Supplied records Block Start

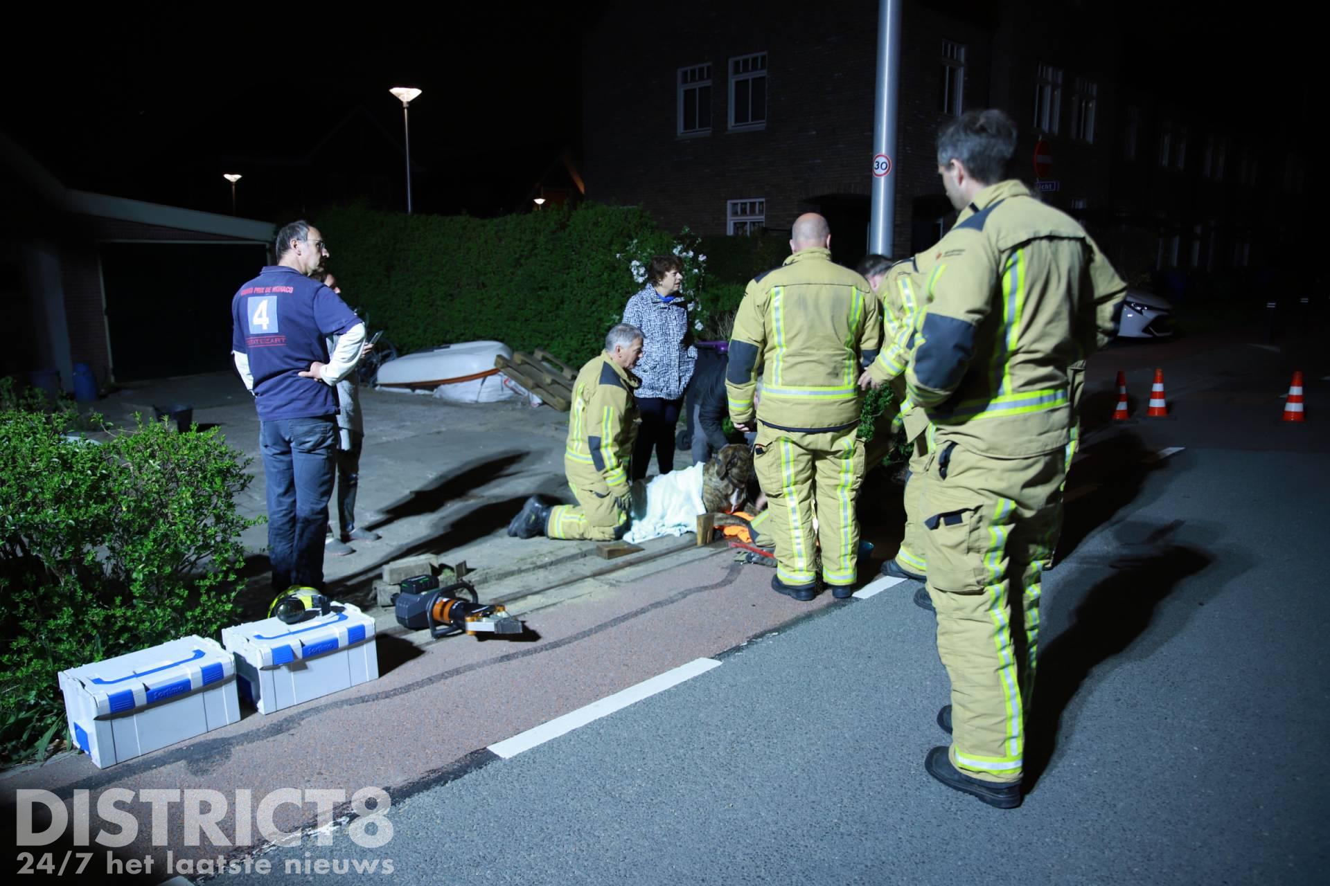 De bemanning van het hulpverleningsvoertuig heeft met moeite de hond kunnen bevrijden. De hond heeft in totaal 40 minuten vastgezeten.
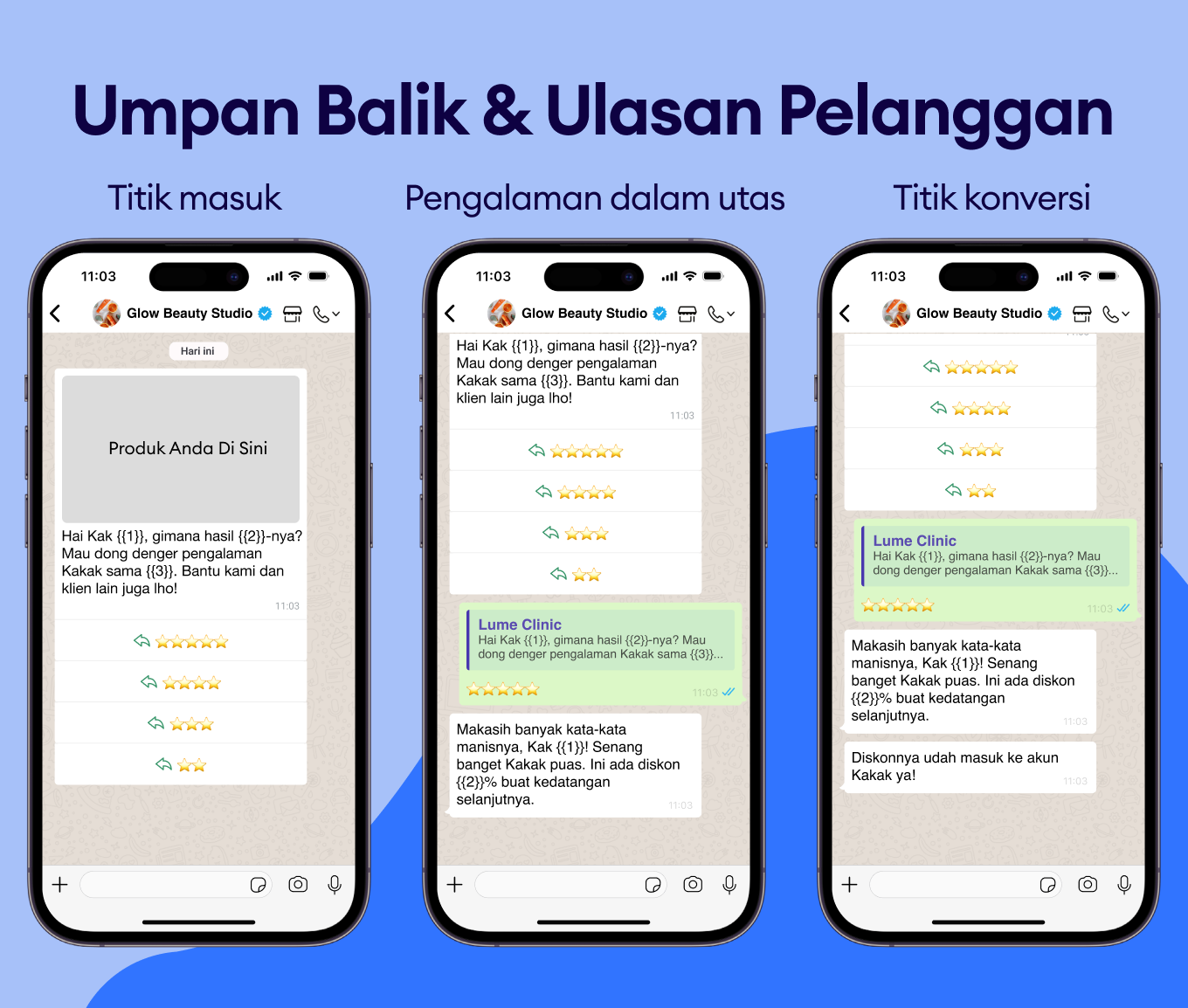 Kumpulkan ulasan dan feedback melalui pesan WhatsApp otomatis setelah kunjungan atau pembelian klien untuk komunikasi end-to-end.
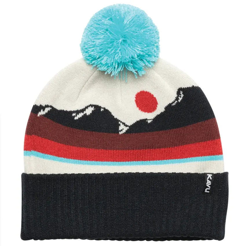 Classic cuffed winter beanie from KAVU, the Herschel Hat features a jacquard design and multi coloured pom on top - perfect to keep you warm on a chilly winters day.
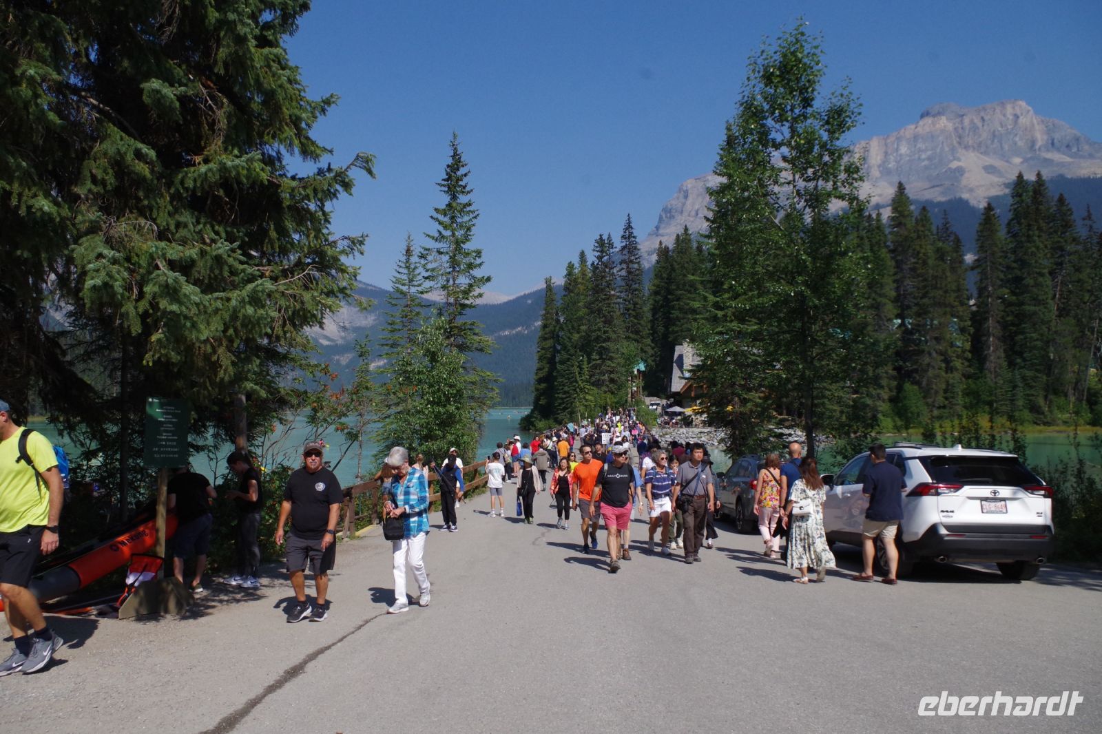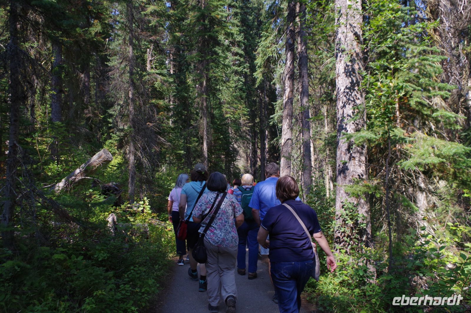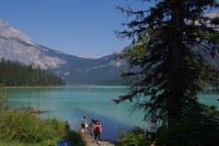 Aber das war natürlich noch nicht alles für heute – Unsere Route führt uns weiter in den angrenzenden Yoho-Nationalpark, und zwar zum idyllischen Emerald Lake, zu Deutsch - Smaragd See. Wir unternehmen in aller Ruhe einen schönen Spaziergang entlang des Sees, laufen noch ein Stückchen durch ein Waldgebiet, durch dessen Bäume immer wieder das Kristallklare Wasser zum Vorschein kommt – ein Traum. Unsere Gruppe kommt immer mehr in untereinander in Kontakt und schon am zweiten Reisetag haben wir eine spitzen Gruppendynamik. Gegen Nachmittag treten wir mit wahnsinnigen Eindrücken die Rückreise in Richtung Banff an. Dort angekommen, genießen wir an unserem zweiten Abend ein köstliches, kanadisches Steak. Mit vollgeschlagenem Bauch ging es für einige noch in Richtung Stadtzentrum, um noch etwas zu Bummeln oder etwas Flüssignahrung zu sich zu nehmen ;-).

Supplied records Block End
Supplied records Block Start

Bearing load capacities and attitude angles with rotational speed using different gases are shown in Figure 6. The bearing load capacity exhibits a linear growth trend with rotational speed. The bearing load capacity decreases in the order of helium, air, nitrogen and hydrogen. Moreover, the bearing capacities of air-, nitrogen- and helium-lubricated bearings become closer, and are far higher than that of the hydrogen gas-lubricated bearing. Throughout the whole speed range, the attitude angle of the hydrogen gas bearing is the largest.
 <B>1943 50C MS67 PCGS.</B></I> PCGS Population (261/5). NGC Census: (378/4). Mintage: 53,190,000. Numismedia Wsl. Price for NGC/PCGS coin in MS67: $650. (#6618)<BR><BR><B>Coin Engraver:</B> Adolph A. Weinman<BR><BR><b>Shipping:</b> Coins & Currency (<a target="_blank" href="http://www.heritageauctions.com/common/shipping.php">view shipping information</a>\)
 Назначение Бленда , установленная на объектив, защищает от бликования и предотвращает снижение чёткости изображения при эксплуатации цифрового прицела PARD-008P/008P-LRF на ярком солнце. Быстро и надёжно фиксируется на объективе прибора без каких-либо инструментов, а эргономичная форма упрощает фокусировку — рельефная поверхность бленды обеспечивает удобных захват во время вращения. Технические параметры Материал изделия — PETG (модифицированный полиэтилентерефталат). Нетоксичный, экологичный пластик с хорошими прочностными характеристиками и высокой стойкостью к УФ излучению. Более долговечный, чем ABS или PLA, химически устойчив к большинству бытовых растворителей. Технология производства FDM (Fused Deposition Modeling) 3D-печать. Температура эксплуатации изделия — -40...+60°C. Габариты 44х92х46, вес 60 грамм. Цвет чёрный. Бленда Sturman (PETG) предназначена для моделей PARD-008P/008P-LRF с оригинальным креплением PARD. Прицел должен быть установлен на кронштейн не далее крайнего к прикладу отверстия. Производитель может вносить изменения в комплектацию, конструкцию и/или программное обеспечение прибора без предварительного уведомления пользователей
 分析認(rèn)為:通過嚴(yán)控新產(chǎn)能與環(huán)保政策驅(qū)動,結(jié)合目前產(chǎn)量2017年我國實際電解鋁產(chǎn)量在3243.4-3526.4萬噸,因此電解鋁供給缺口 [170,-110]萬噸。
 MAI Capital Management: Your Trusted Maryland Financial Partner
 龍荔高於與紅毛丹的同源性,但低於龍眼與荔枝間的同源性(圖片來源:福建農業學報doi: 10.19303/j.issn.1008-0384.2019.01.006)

Supplied records Block End

### Exercise directions
Beginning at the line above that contains "De bemanning van", repeat each line exactly through the one that contains "Classic cuffed winter", and leave out the pictures.

### Solution for this exercise
 De bemanning van het hulpverleningsvoertuig heeft met moeite de hond kunnen bevrijden. De hond heeft in totaal 40 minuten vastgezeten.
 Kumpulkan ulasan dan feedback melalui pesan WhatsApp otomatis setelah kunjungan atau pembelian klien untuk komunikasi end-to-end.
 Classic cuffed winter beanie from KAVU, the Herschel Hat features a jacquard design and multi coloured pom on top - perfect to keep you warm on a chilly winters day.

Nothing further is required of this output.